List - > N,..., 5, 4, 3, 2, 1 - > List

#### Hash table (hash table)

Features: a collection of key value structures

Generally, key is defined by an array, and value is defined by a linked list

In the hash table, the key stores the keyhash value. When the keyhash conflicts, it will compare whether the keys are equal,

If the keyhash is equal and the key is not equal during the insertion operation, it will be added directly after the original value chain

If keyhash is equal and key is equal, the original value will be directly replaced;

### tree

Tree is a data structure, which is a finite set of n (n > = 0) nodes.
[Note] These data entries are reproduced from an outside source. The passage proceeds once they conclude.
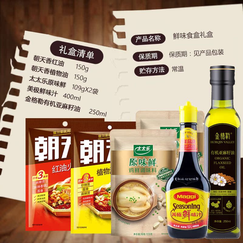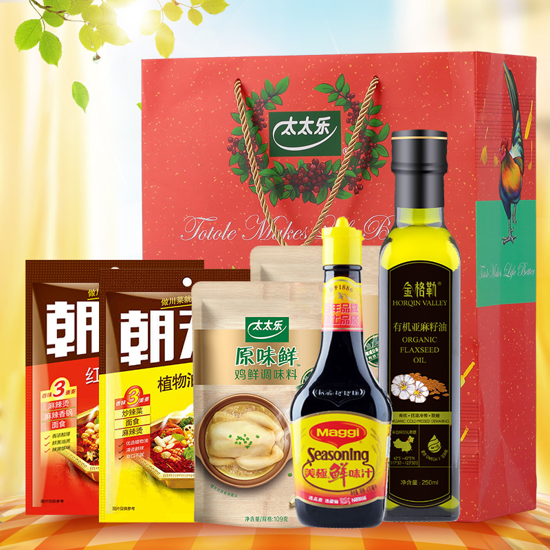 Fresh gift box combination gift-giving New Year's goods seasoning fresh-flavored flaxseed oil hot pot soup bottom affordable to send relatives and friends
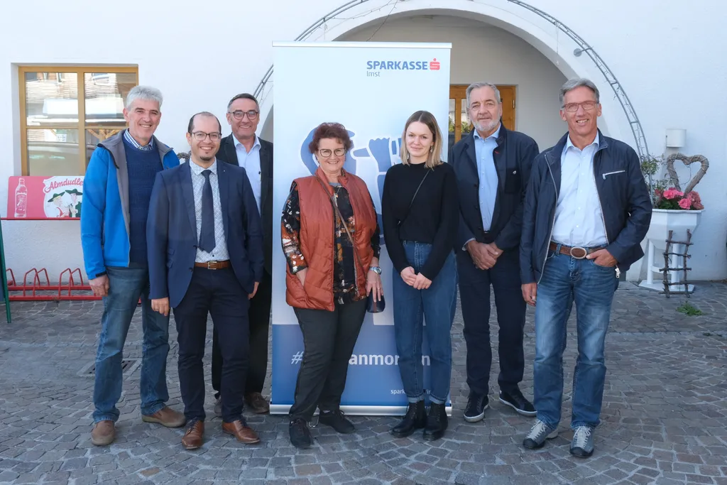 Zusammen für das Gemeinwohl (v.l.): Der Stanzer Bürgermeister Ferdinand Beer, Gerald Juen (Filialleiter Sparkasse Imst in Landeck), Pflegeverein-Obmann Johann Ladner, dessen Obmann-StvIn. Dr. Claudia Stadlwieser, Schriftführerin Eva Spiss, Franz Raich (Vorstandsvorsitzender der Sparkasse Imst Privatstiftung) und Kassier-Stellvertreter Günter Zangerle. | Bildnachweis: CN12 Novak
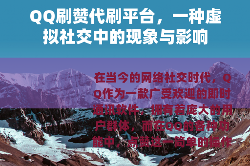 在互联网时代,QQ刷赞代刷平台的兴起是一个值得关注的现象,它在一定程度上改变了QQ社交平台上的点赞生态,对用户的社交行为和心理产生了影响。
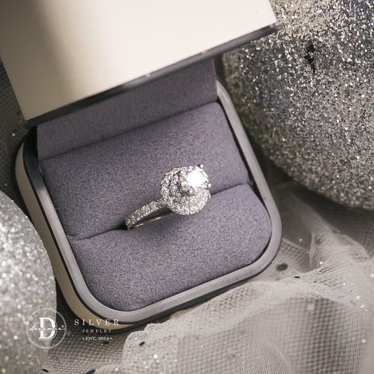Nhẫn Bạc 950 Đá Moissanite 6li & 6.3li Chop Halo Tròn - Halo Moissanite Diamond Silver Ring
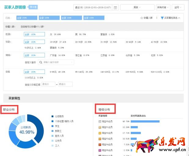 以下是專業版的生意參謀,既可以看當個關鍵詞的人群畫像,也可以可以看整個類目的人群畫像,這就是可以幫助你更細致的分析店鋪人群了。

When n=0, it is called an empty tree. n> 0, the elements of a finite set form a hierarchical data structure.

#### nominal construction

• Subtree: in addition to the root node, each child node can be divided into multiple disjoint subtrees.
• Children and parents: if a node has a subtree, the node is called the "parents" of the subtree root, and the root of the subtree is the "child" of the node.
• Brother: nodes with the same parents are brothers to each other.
• Node degree: the number of subtrees a node has.
• Leaves: no subtree, that is, nodes with degree 0.
• Branch node: nodes other than leaf nodes, that is, nodes whose degree is not 0.
• Internal node: a branch node other than the root node.
• Hierarchy: the root node is the first layer, and the hierarchy of other nodes is equal to the hierarchy of their parent nodes plus 1
• Tree height: also known as the depth of the tree, the maximum level of nodes in the tree.
• Ordered tree: the order between the sub trees of the nodes in the tree is important, and the positions cannot be exchanged at will.
• Disordered tree: the order between the sub trees of the tree node is not important. You can exchange positions at will.
• Forest: a collection of 0 or more disjoint trees.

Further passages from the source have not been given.